To that end, Gentile has been boosting and altering her workouts to maximize her potential. "In the past I would cut Angel's miles once the season started. This season it just didn't happen and she responded well, so we just went with it," he said. "We added some different types of tempo runs, repeats and intervals.

"Also, we changed her race strategy. I tried to make her a more balanced and intelligent racer. We tried to keep those race splits even throughout the race, instead of going out hard and fading in the end. We stayed mostly local this year, too. We only traveled east once. We stayed close so she could be more rested and work on things closer to home."
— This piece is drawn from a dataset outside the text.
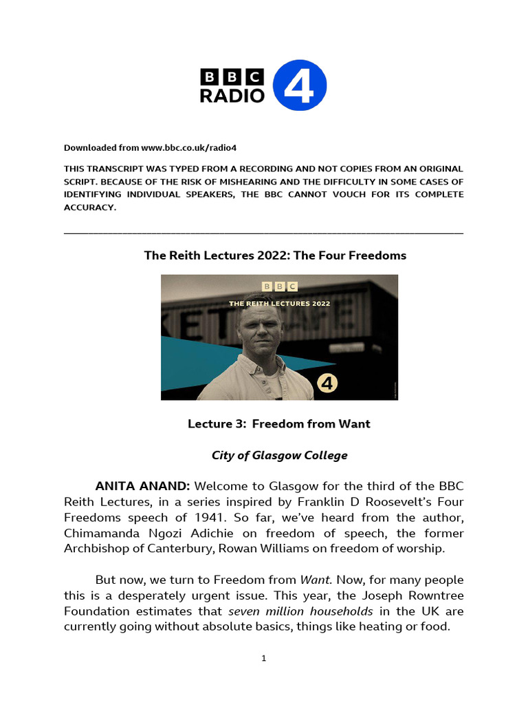 The Reith Lectures 2022: The Four Freedoms

So far, the strategy has paid off, and the trust between coach and athlete has been strengthened. "Everything's that he's told me has been true," Piccirillo said. "I don't have to worry about doubting his decision because I trust him 110 percent. He's always been honest, up front, and really real, and that's what you need in a coach."

There are many things Gentile likes about the athlete, including her work ethic and her coachability, among others. But, perhaps above all, it is her personality.

He said, "A friend said to me just last week, 'The best part of what Angel is, is not her athletic ability.' I wish I would have come up with that. It describes her essence perfectly. She has a charismatic personality. People are drawn to her. No matter where we go, people are always approaching her, and she has become very social in that way."